In the sense of physical setting, the fence around Troy's house also contains the action of the play. Everything takes place in the yard; all of the scenes and the dialogue occur within the boundaries of the fence.
Friendship
The friendship between Troy and Bono is the first relationship shown in the
play. Their conversations provide a glimpse into Troy's thoughts. Bono has been
following Troy's lead since they met in prison more than thirty years earlier.
Troy has been a role model for Bono, but Bono serves as a conscience for Troy.

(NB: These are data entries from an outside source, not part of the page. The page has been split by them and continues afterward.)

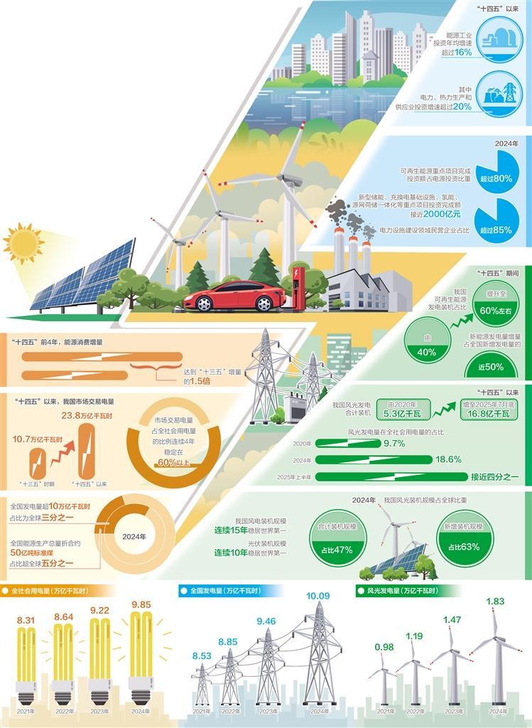 “十四五”时期,我国能源领域改革持续深化,持续推进市场化改革,不断激发能源市场发展动力。能源价格形成机制加快完善,发电侧煤电、新能源全面进入市场;能源市场体系加快建设,基本建成多层次、多品类、多功能的全国统一电力市场体系,中长期和辅助服务市场交易实现全覆盖,现货市场正在全国范围内加快铺开。改革红利加速释放,推动市场活力不断提升。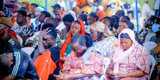 Baadhi ya waombolezaji wakiwa nyumbani kwa marehemu, Tumsifu Kileo kabla mwili wake haujasafirishwa kuelekea mkoani Kilimanjaro kwaajili ya mazishi. Picha na Saada Amir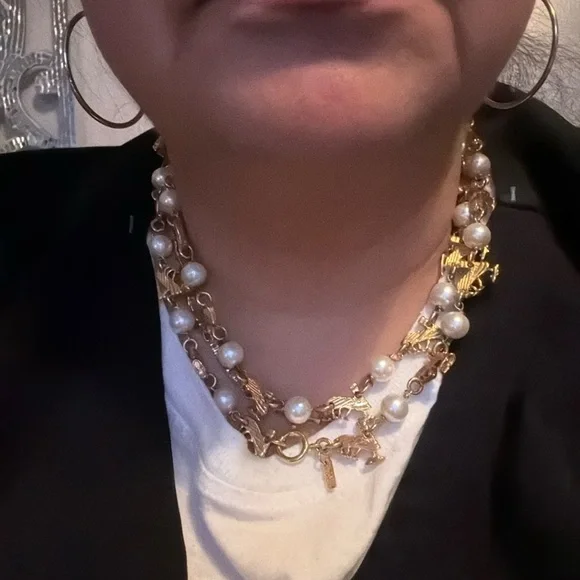 Preloved Salvatore Ferragamo necklace size 18”L gold n with pearls.

It is Bono who first alerts the audience to Troy's extramarital affair, and it
is Bono who questions the wisdom of Troy's actions. The friendship is tested
when Troy is promoted to driver and put on another route. When questioned about
his absence from Troy's house, Bono replies that it is the new job that keeps
them apart. But there is also a hint that Troy's betrayal of Rose has changed
the dynamics of their friendship.
Limitations and Opportunities
At the heart of Troy's unhappiness is his disappointment at not being able to
play professional baseball. Troy became an accomplished ball player while in
prison. He was good enough to play in the Negro leagues, but his true desire
was to play major league ball. Troy felt he was excluded because, at the time,
black players were still not accepted, but the story is more complex than Troy
wants to believe. The fifteen years that Troy spent in prison made him too old
for the major leagues. Troy ignores this argument, since to acknowledge that he
was too old is to accept partial responsibility for not being able to play; it
was his own actions that led to a fifteen year prison term, a period during
which his youth slipped away. It is easier for Troy to blame a system that
discriminates against black players than to admit that he lacked either the
talent or the youth to play major league baseball.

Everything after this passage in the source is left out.